* **SUPPLIED INFORMATION**
--------
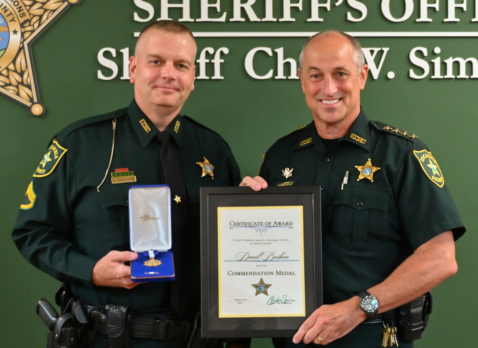 Investigator Dave Bashore was presented the Commendation Medal award. Investigator Bashore’s exemplary work and commitment to the Sexual Offender/Predator unit have played a crucial role in maintaining public safety in Escambia County.
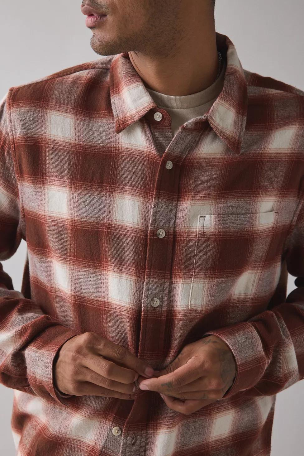 Relaxed, baggy fit button-down shirt by Urban Outfitters. Soft 100% cotton with an allover plaid pattern. Collared style long sleeve shirt topped with a left chest pocket. Go-to layering piece to add to your daily rotation.
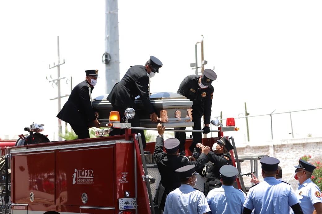 Ciudad Juárez, Chih. – Las honras fúnebres se llevaron a cabo en el cuarto de máquinas de la Estación Central, donde sus compañeros hicieron una valla a fin de que el féretro pasara por ahí, el cual llegó en una de las unidades acompañado por sus hermanos bomberos.
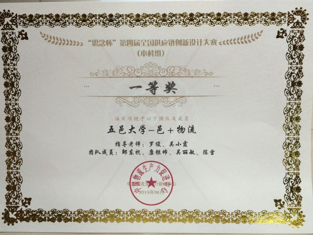 我校經濟管理學院羅俊、吳小霞兩位老師指導并帶隊參加了最終的決賽答辯。我校物流和會計專業的鄒東航、康銀帥、吳麗敏和陳雪四位學生,經過5月31日的現場網賽和6月1日的現場答辯,最終以總成績第二名獲得一等獎(總成績第一名的華南理工大學獲得特等獎);并在四個單項獎項里,獲得最佳方案設計團隊獎和最佳講解答辯團隊獎。同時,兩位指導老師獲得“優秀指導老師”稱號。(文/圖 經濟管理學院)
--------
* **ACTION ITEM**
Please return each line of the listing exactly as written, excluding the images.

* **WRITTEN ANSWER**
 Investigator Dave Bashore was presented the Commendation Medal award. Investigator Bashore’s exemplary work and commitment to the Sexual Offender/Predator unit have played a crucial role in maintaining public safety in Escambia County.
 Relaxed, baggy fit button-down shirt by Urban Outfitters. Soft 100% cotton with an allover plaid pattern. Collared style long sleeve shirt topped with a left chest pocket. Go-to layering piece to add to your daily rotation.
 Ciudad Juárez, Chih. – Las honras fúnebres se llevaron a cabo en el cuarto de máquinas de la Estación Central, donde sus compañeros hicieron una valla a fin de que el féretro pasara por ahí, el cual llegó en una de las unidades acompañado por sus hermanos bomberos.
 我校經濟管理學院羅俊、吳小霞兩位老師指導并帶隊參加了最終的決賽答辯。我校物流和會計專業的鄒東航、康銀帥、吳麗敏和陳雪四位學生,經過5月31日的現場網賽和6月1日的現場答辯,最終以總成績第二名獲得一等獎(總成績第一名的華南理工大學獲得特等獎);并在四個單項獎項里,獲得最佳方案設計團隊獎和最佳講解答辯團隊獎。同時,兩位指導老師獲得“優秀指導老師”稱號。(文/圖 經濟管理學院)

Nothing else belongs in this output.